## PROBLEM DESCRIPTION
Below are the records; copy exactly the lines from the first through the one containing "1月18日より販売を開始しま", both included, and leave out the pictures.

____ DATA EXTRACTS

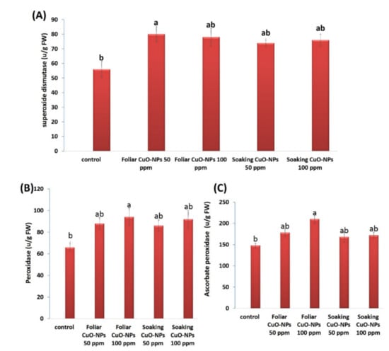 The activities of antioxidant enzymes were influenced in wheat plants exposed to 50 or 100 ppm of CuO-NPs for both application methods (Figure 7A–C). All tested concentrations of CuO-NPs caused improvements in the levels of superoxide dismutase (SOD), peroxidase (POD), and ascorbate peroxidase (APX). The most significant enhancements were recorded for the foliar treatment with CuO-NPs at 50 ppm in SOD activity (approximately 42.9%) and the foliar treatment with CuO-NPs at 100 ppm in POD and APX activities (approximately 42.4% and 41.9%, respectively). Our results are in harmony with several investigations that showed the promotional role of CuO-NPs in antioxidant enzymes [82,83,99]. In some previous studies, APX and POD activities were found to be increased because of CuO-NP application [100,101]. Recent results from Sarkar et al. [102] demonstrated that APX and SOD activities were increased in lentil (Lens culinaris) plants treated with different concentrations of CuO-NPs (0.01, 0.025, and 0.05 mg·mL−1). Copper, an important micronutrient, participates in several physiological and biochemical processes, is required as an activator for superoxide dismutase [103], and is integrated into various enzymes, and it thus has a critical role in plant growth and nutrition [98]. The increased activities of antioxidant enzymes displayed a protective role against oxidative damage in plants.
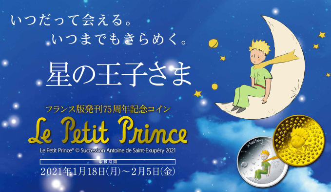 1月18日より販売を開始しました「星の王子さま フランス版発刊75周年記念コイン」につきまして、好評につき1月26日(火)のご注文をもちまして販売を終了いたします。
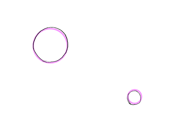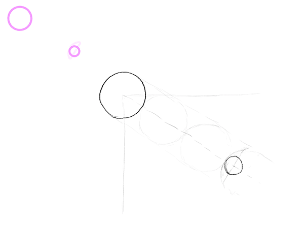 Bây giờ chúng ta cần thiết lập khoảng cách. Cần bao nhiêu hình tròn đặt giữa hai hình tròn trong hình gốc? Áp dụng mối quan hệ này vào hình của bạn. Trong lần đầu tiên, tốt nhất là in hình gốc ra và thực sự vẽ ra những hình tròn, sau đó bạn có thể giả vờ như mình đang vẽ chúng (giữ đầu bút đừng chạm vào giấy hoặc màn hình và hình dung ra các hình tròn trong tâm trí bạn).
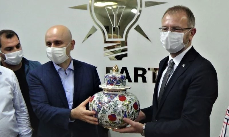 Ziyaret sonrası Bakan Karaismailoğlu’na AK Parti Kütahya İl Başkanı Sebahattin Ceyhun tarafından çini vazo hediye edildi.
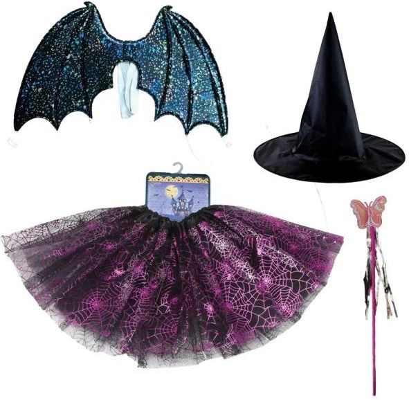 Strój czarownicy na Halloween W zestawie tiulowa spódniczka (długość 30 cm), opaska - kapelusik, różdżka, skrzydełka, ledowe światełka. Wymiary: 49,5x2x52cm EAN: 6901440128672

________

## RESPONSE BELOW
 The activities of antioxidant enzymes were influenced in wheat plants exposed to 50 or 100 ppm of CuO-NPs for both application methods (Figure 7A–C). All tested concentrations of CuO-NPs caused improvements in the levels of superoxide dismutase (SOD), peroxidase (POD), and ascorbate peroxidase (APX). The most significant enhancements were recorded for the foliar treatment with CuO-NPs at 50 ppm in SOD activity (approximately 42.9%) and the foliar treatment with CuO-NPs at 100 ppm in POD and APX activities (approximately 42.4% and 41.9%, respectively). Our results are in harmony with several investigations that showed the promotional role of CuO-NPs in antioxidant enzymes [82,83,99]. In some previous studies, APX and POD activities were found to be increased because of CuO-NP application [100,101]. Recent results from Sarkar et al. [102] demonstrated that APX and SOD activities were increased in lentil (Lens culinaris) plants treated with different concentrations of CuO-NPs (0.01, 0.025, and 0.05 mg·mL−1). Copper, an important micronutrient, participates in several physiological and biochemical processes, is required as an activator for superoxide dismutase [103], and is integrated into various enzymes, and it thus has a critical role in plant growth and nutrition [98]. The increased activities of antioxidant enzymes displayed a protective role against oxidative damage in plants.
 1月18日より販売を開始しました「星の王子さま フランス版発刊75周年記念コイン」につきまして、好評につき1月26日(火)のご注文をもちまして販売を終了いたします。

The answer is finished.